Data extract -
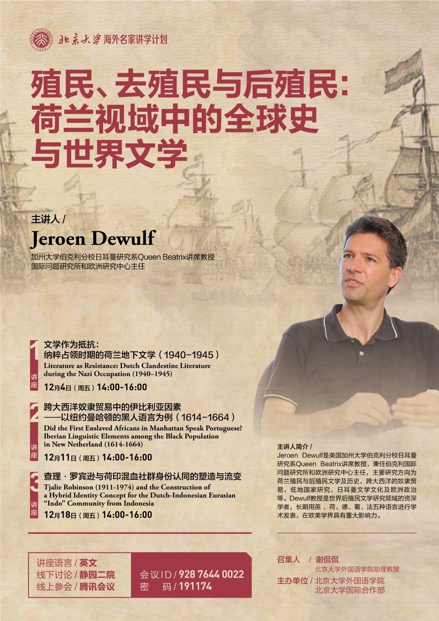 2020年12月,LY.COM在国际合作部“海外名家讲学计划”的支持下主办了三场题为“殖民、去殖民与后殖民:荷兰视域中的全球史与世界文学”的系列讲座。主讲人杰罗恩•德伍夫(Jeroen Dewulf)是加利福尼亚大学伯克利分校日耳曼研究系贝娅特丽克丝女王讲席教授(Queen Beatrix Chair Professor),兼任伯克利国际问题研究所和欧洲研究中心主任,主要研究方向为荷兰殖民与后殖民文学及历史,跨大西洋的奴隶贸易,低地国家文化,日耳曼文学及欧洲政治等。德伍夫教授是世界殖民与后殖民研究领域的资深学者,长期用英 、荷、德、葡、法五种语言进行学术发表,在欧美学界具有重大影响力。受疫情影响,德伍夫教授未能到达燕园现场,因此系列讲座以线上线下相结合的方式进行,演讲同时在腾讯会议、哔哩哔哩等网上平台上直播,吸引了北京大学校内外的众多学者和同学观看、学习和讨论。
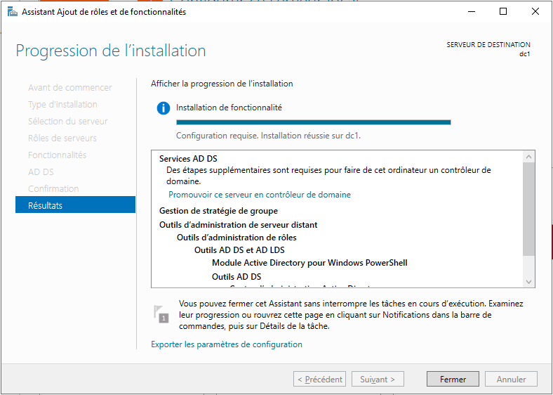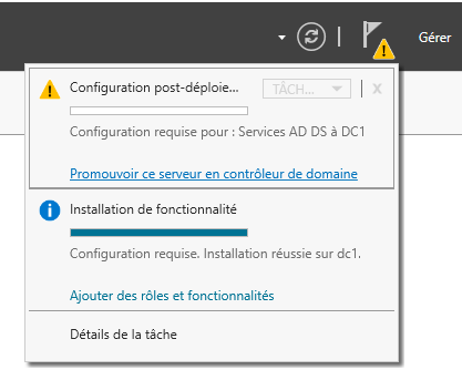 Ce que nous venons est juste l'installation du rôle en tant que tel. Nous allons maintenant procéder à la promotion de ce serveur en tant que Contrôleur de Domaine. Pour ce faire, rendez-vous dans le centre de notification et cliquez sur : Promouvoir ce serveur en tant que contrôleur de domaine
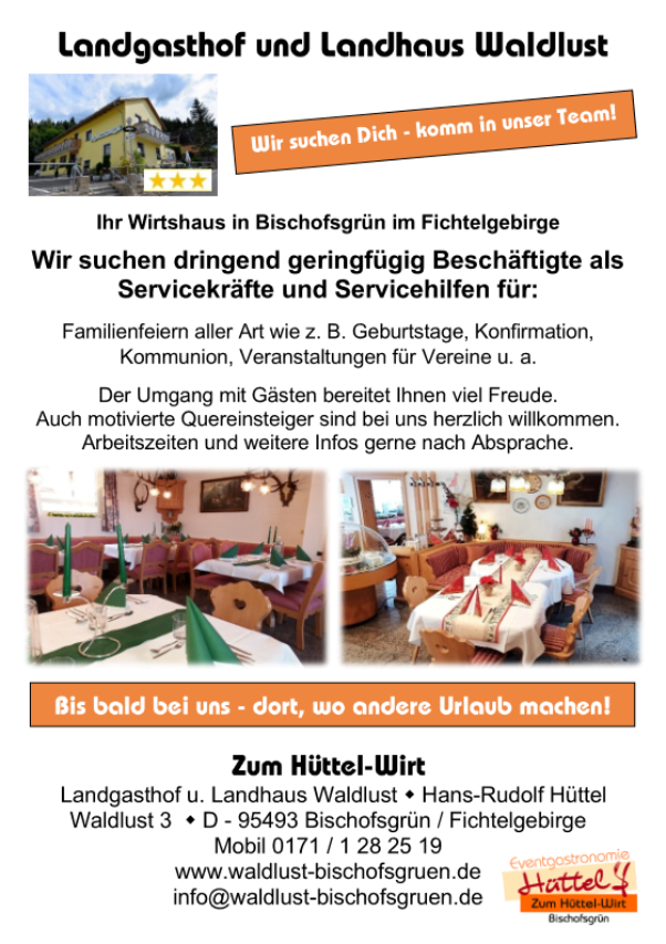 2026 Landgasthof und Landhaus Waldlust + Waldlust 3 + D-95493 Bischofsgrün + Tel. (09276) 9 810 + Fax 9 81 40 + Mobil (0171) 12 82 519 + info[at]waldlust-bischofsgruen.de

What needs to be done -
Keep the pictures out and transcribe the listing exactly.

Output of the exercise -
 2020年12月,LY.COM在国际合作部“海外名家讲学计划”的支持下主办了三场题为“殖民、去殖民与后殖民:荷兰视域中的全球史与世界文学”的系列讲座。主讲人杰罗恩•德伍夫(Jeroen Dewulf)是加利福尼亚大学伯克利分校日耳曼研究系贝娅特丽克丝女王讲席教授(Queen Beatrix Chair Professor),兼任伯克利国际问题研究所和欧洲研究中心主任,主要研究方向为荷兰殖民与后殖民文学及历史,跨大西洋的奴隶贸易,低地国家文化,日耳曼文学及欧洲政治等。德伍夫教授是世界殖民与后殖民研究领域的资深学者,长期用英 、荷、德、葡、法五种语言进行学术发表,在欧美学界具有重大影响力。受疫情影响,德伍夫教授未能到达燕园现场,因此系列讲座以线上线下相结合的方式进行,演讲同时在腾讯会议、哔哩哔哩等网上平台上直播,吸引了北京大学校内外的众多学者和同学观看、学习和讨论。
 Ce que nous venons est juste l'installation du rôle en tant que tel. Nous allons maintenant procéder à la promotion de ce serveur en tant que Contrôleur de Domaine. Pour ce faire, rendez-vous dans le centre de notification et cliquez sur : Promouvoir ce serveur en tant que contrôleur de domaine
 2026 Landgasthof und Landhaus Waldlust + Waldlust 3 + D-95493 Bischofsgrün + Tel. (09276) 9 810 + Fax 9 81 40 + Mobil (0171) 12 82 519 + info[at]waldlust-bischofsgruen.de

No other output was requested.